Methodology
Tool-agnostic where possible; the reference implementation uses Claude/Cowork, GPT, REDCap, and Python/React.
Design principles
- Human-in-the-loop. Every AI output is reviewed and approved by an expert before it affects the study.
- Separation of roles. Drafting and review are kept distinct — investigators (with Cowork assistance) author; an independent model (GPT-5.5) reviews — reducing self-confirmation bias.
- Reproducibility by construction. Prompts, instrument definitions, code and analysis are version-controlled and archived with a DOI.
- Privacy & sovereignty (RODO/GDPR). No PII enters the repository; anonymisation and local-first processing are defaults.

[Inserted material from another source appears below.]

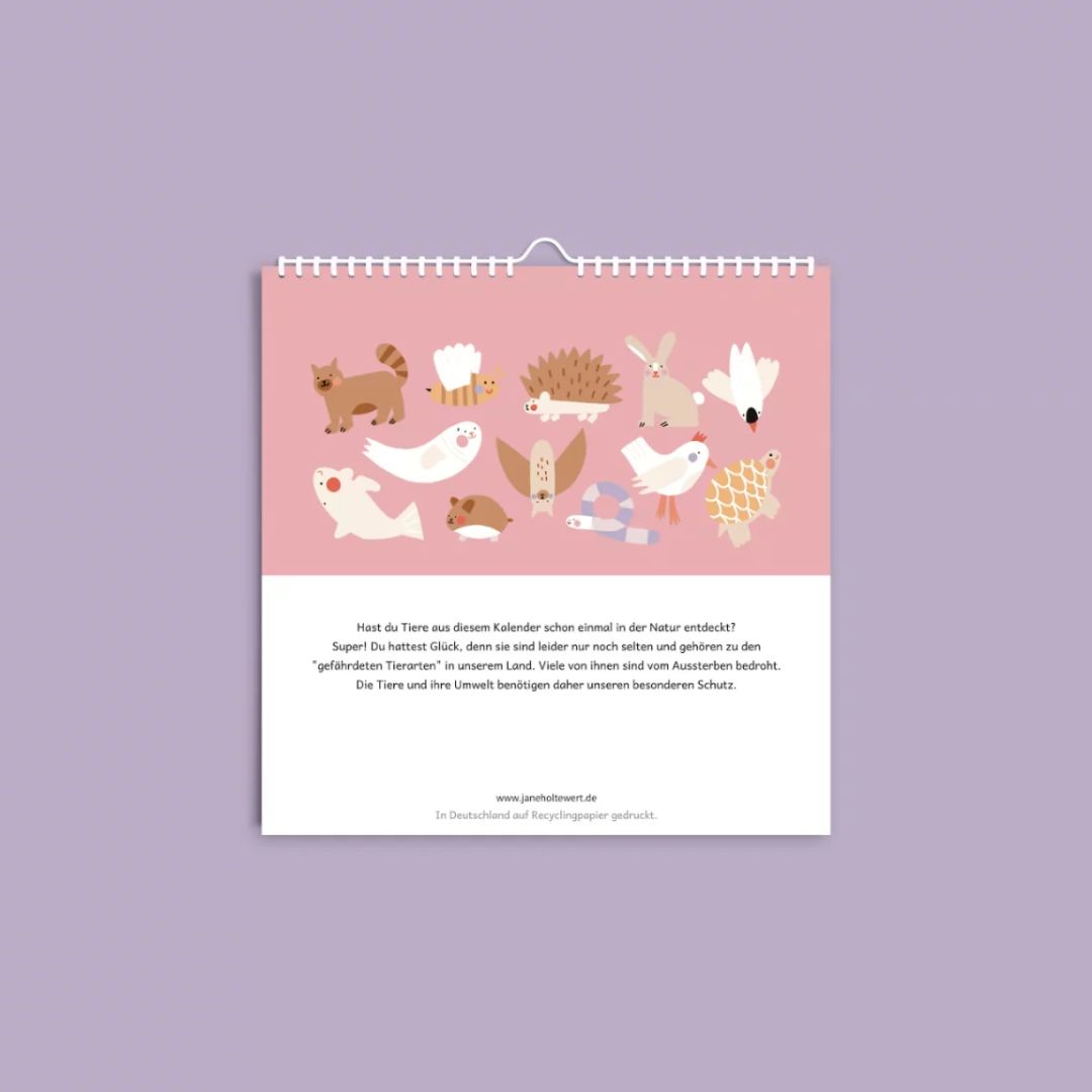 Doch dieser Kalender ist mehr als nur dekorativ. Er dient auch als pädagogisches Werkzeug, das die Achtsamkeit gegenüber bedrohten Tieren und ihrer Umwelt fördert. Jedes Tier wurde liebevoll illustriert und ist mit seinem Namen auf dem Kalenderblatt versehen. Zusätzlich enthält der Kalender auf der Rückseite kurze Beschreibungen zu den Tieren, die in Deutschland vom Aussterben bedroht sind.

- Transparency. AI involvement is disclosed per artifact, in line with open-science norms and EU AI Act transparency expectations.
Stage 1 — Design & orchestration (investigators)
The investigators (authors) own this stage: research questions, protocol, item content, registration artifacts (ClinicalTrials.gov / OSF), and consent / RODO text. Claude / Cowork may help draft and scaffold these artifacts, but the investigators decide, edit, and approve everything.
Stage 2 — Independent item review (GPT-5.5, LLM-as-judge)
An independent LLM (GPT-5.5) evaluates each item against explicit criteria: clarity, ambiguity, double-barrelled phrasing, leading wording, cultural bias, response-option balance, and content-validity relevance. It returns structured flags and suggested fixes that loop back to the investigators, who adjudicate. Where formal content validity is required, LLM relevance ratings may be reported alongside — never instead of — a human expert panel (I-CVI / CVI).
Stage 3 — Instrument build & data capture (Claude / Cowork + REDCap)
Once the investigators approve the items, Claude / Cowork builds and operates the instrument in REDCap — data dictionary, branching logic, consent, RODO collapsible, validation rules — via MCP / browser automation, under investigator direction. REDCap provides access control, an audit trail, and API access. De-identified exports feed Stage 4.
Stage 4 — Analytics dashboards (Python / React)
AI assists in generating reproducible analysis code and interactive dashboards for descriptive statistics, hypothesis tests, and figures, published via GitHub Pages and showing aggregated, de-identified data only.
Quality control — the "Judge" pass
Each stage carries a self-audit: source quality, double-counting / leakage, outdated assumptions, and unjustified extrapolation. AI-derived artifacts are explicitly labelled and separated from expert-verified ones.